A 7B model fine-tuned with reinforcement learning produces slide decks nearly as good as a top-tier system (91.2% of Claude Opus 4.6) and improves 33% over its untuned variant, suggesting targeted alignment and tooling deliver large returns that scaling alone would not.
Automated presentation generation remains a challenging task requiring coherent content creation, visual design, and audience-aware communication. This work proposes an OpenEnv-compatible reinforcement learning environment where LLM agents learn to research topics, plan content, and generate professional HTML slide presentations through tool use. We introduce a multi-component reward system combining structural validation, render quality assessment, LLM-based aesthetic scoring, content quality metrics, and an inverse specification reward that measures how faithfully generated slides convey their intended purpose. The inverse specification reward, an "inverse task" where an LLM attempts to recover the original specification from generated slides, provides a holistic quality signal. Our approach fine-tunes Qwen2.5-Coder-7B via GRPO, training only 0.5% of parameters on prompts derived from expert demonstrations collected using Claude Opus 4.6. Experiments on 48 diverse business briefs across six models demonstrate that our fine-tuned 7B model achieves 91.2% of Claude Opus 4.6's quality while improving 33.1% over the base model. The six-model comparison reveals that instruction adherence and tool-use compliance, rather than raw parameter count, determine agentic task performance. We contribute SlideRL, an open-source dataset of 288 multi-turn rollout trajectories across all six models: https://huggingface.co/datasets/KarthikRagunathAnandaKumar/sliderl-multi-turn-rollouts Code: https://github.com/pushing-the-frontier/slide-forge-llm
Summary
Main Finding
Fine-tuning a parameter-efficient 7B model (Qwen2.5-Coder-7B) via reinforcement learning in an OpenEnv-compatible environment yields near-state-of-the-art automated slide-generation: the tuned 7B model reaches 91.2% of Claude Opus 4.6’s quality and improves 33.1% over the same base model without RL fine-tuning. Crucially, performance on this agentic task is driven more by instruction adherence and tool-use compliance than by raw model parameter count.
Key Points
- Task and environment
- Automated generation of professional HTML slide presentations that require research, content planning, visual design, and audience-aware communication.

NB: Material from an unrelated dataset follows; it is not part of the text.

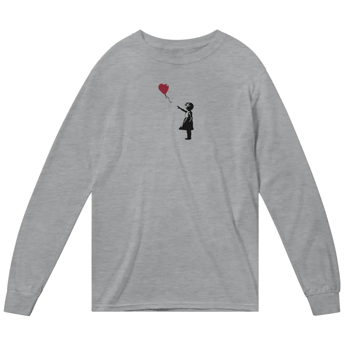 This long sleeve features a famous Banksy artwork, showing a young girl reaching for a red heart-shaped balloon drifting away. Originally painted on Waterloo Bridge, this iconic design has appeared in various forms across London and has been used in support of social causes worldwide.

- Implemented in an OpenEnv-compatible RL environment where LLM agents use tools to research, plan, and render slides.
- Reward design
- Multi-component reward combines:
- Structural validation (format/structure checks)
- Render quality assessment (how well generated HTML renders)
- LLM-based aesthetic scoring
- Content quality metrics (factuality, coverage, coherence)
- Inverse specification reward: an LLM attempts to recover the original brief/spec from the generated slides; accuracy of recovery provides a holistic fidelity signal.
- Multi-component reward combines:
- Training setup
- Fine-tuned Qwen2.5-Coder-7B via GRPO, training only 0.5% of parameters (parameter-efficient fine-tuning).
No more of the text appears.